> _EXERCISE BRIEF_
Make an exact copy of the lines starting at the top of the listing below and ending at the line that contains "冬に負けない身体へ!免疫力強化・超豪華120分ケア", inclusive.

> _DATA RECORDS_
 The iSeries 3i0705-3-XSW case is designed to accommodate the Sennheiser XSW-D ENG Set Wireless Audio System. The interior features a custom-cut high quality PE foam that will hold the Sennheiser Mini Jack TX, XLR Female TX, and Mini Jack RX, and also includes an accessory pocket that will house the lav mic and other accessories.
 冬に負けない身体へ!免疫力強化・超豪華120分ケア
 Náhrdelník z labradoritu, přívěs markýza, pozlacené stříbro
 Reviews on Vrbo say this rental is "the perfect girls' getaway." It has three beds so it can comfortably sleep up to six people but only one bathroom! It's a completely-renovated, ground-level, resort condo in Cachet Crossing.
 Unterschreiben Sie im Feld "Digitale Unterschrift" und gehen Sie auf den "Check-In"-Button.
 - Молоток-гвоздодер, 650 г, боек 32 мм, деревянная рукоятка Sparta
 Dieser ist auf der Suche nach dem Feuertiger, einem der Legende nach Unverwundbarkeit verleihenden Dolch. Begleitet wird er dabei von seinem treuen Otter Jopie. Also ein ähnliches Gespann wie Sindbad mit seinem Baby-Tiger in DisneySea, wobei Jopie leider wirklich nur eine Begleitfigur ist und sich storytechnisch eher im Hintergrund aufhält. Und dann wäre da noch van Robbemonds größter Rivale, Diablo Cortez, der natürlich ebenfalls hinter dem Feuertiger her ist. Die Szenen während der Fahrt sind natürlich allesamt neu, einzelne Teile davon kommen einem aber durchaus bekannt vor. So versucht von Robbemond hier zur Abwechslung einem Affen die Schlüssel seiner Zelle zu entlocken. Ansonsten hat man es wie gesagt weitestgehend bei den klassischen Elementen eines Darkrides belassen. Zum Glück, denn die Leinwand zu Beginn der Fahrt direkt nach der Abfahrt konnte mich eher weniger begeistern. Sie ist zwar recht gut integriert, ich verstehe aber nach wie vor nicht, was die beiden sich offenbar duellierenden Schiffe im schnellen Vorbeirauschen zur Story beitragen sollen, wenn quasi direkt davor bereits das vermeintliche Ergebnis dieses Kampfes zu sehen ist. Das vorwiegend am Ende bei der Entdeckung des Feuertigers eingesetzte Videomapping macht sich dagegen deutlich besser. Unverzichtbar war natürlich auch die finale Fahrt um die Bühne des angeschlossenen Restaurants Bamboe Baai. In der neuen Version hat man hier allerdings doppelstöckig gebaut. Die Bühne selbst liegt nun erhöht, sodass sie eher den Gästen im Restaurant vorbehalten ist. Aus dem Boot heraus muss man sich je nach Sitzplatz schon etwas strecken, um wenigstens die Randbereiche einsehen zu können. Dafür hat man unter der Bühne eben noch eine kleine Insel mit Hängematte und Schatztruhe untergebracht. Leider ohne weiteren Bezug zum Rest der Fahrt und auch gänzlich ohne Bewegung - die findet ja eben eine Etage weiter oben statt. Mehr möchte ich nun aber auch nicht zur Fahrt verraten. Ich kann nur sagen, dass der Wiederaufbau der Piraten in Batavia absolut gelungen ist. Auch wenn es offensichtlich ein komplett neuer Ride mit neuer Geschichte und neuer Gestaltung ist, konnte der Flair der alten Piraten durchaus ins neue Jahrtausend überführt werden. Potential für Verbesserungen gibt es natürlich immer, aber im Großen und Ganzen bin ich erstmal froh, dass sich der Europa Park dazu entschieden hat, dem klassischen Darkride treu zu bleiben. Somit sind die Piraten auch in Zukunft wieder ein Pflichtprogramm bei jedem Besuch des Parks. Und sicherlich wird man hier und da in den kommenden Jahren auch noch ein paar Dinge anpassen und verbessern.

> _FINAL ANSWER_
 The iSeries 3i0705-3-XSW case is designed to accommodate the Sennheiser XSW-D ENG Set Wireless Audio System. The interior features a custom-cut high quality PE foam that will hold the Sennheiser Mini Jack TX, XLR Female TX, and Mini Jack RX, and also includes an accessory pocket that will house the lav mic and other accessories.
 冬に負けない身体へ!免疫力強化・超豪華120分ケア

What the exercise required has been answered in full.